First episode of 'Chainsaw Man' anime revs up with zombie guts and devil dogs
Chainsaw Man is a much-anticipated anime about a guy who turns into a living chainsaw and hunts devils. As awesome and gnarly as it sounds, that's all there is to it, at least for the first episode.
Like a lot of anime openers, this one focuses on world-building and setup. There are devils and their devil hunter counterparts. There are shady underworld yakuza (Japanese organized crime) dealings. And there's our main character, Denji (played by Kikunosuke Toya in the Japanese dub), who's... how can I put this delicately? Simple.
Denji has the makings of a stock anime protagonist. Tragic backstory with a dead parent or guardian? Check. Chasing a dream in spite of dreadful circumstances? Check. Improbable way of obtaining powers? You bet. Still, you can't help but root for him.
He's down on his luck, living in deplorable conditions, and hunting devils to pay off his late father's debts. And as a teenage boy, all he wants to do is eat good food and get a girlfriend. Can't really argue with that. It also helps that he has such an endearing relationship with his devil-dog, which, by the way, has a chainsaw protruding out of its face.
When the Chainsaw Man finally makes his grand entrance and lets it rip, that's really the highlight of the episode. We see zombie-devil guts and limbs splatter across the screen, accompanied by the sound of heavy metal and gnashing of chainsaw blades, and you can tell the show's artists put some thought and care into the violence.

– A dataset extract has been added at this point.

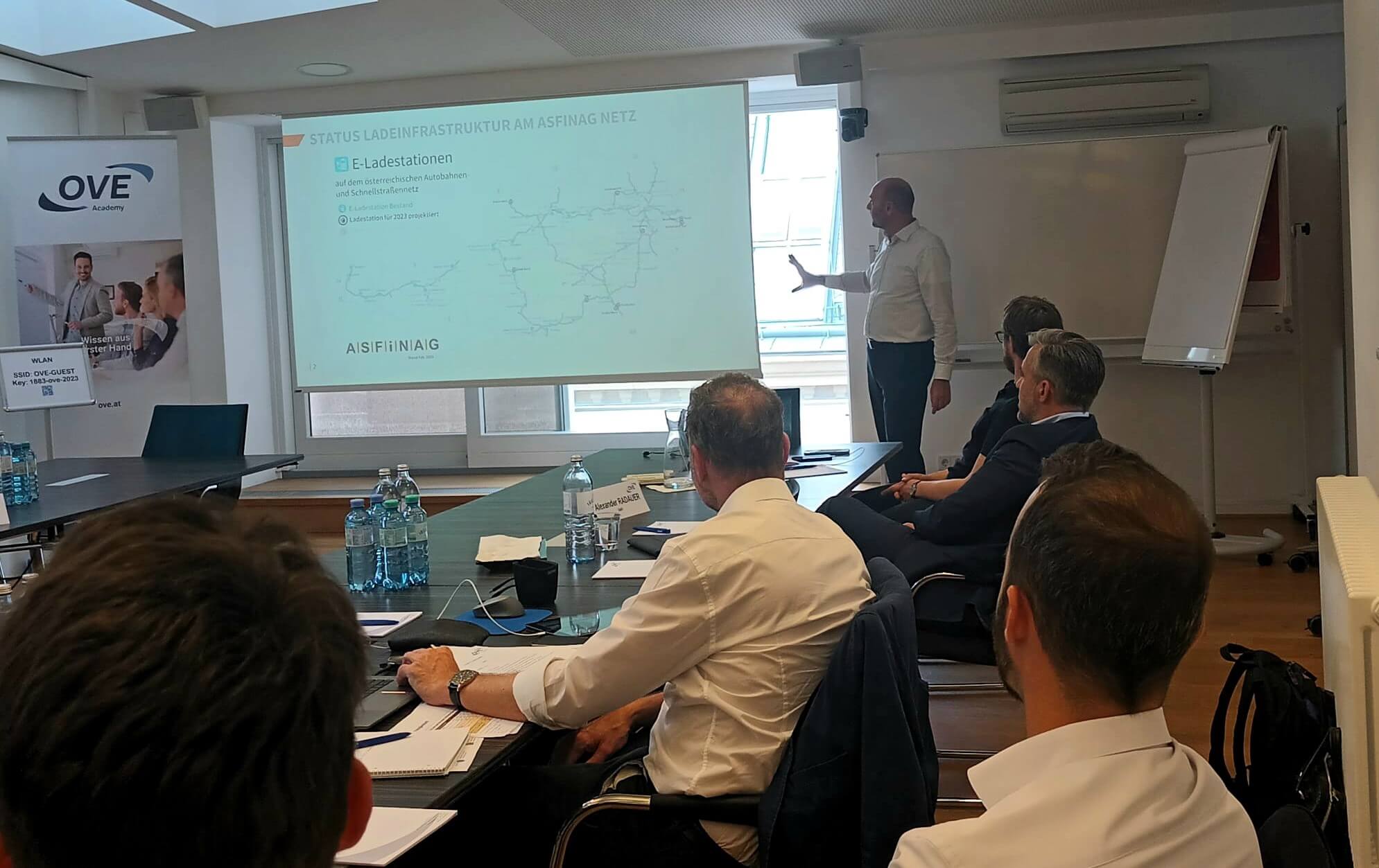 Bernhard Hintermayer von der ASFINAG gab den Teilnehmer:innen einen Überblick über den Ausbau der E-Ladeinfrastruktur: 36 Ladestandorte mit insgesamt rund 220 Ladepunkten sind aktuell in Betrieb, der durchschnittliche Abstand beträgt rund 62 Kilometer.

It's no surprise that MAPPA, the studio behind acclaimed titles like Jujutsu Kaisen and the last season of Attack on Titan, delivers on the animation. There's a sort of soft, filmic quality to their style, which is really pretty to look at, and interesting to see against the harshness of the fight scenes. They employ a fusion of traditional 2D hand-drawing with 3D computer-generated character models, which may not be everyone's cup of tea, and admittedly it looks out of place sometimes. But in the midst of the chaos of shredding through bad guys, it blends well.
So far, the story is just an excuse to see Denji eviscerate monsters, but that's not to say it'll always be this way. The creator of the manga (Japanese comic), Tatsuki Fujimoto, is known for his absurd, volatile, yet compelling storytelling, and if the show stays faithful to its source material, this episode is just a setup for the punchline.
The anime offers nothing wildly impressive for now, but it's just enough of a tease in a 24-minute package to hook me. If you like the carnage you see in the first episode, then you might want to stick around to see where the story goes.
Chainsaw Man is now available to stream on Crunchyroll.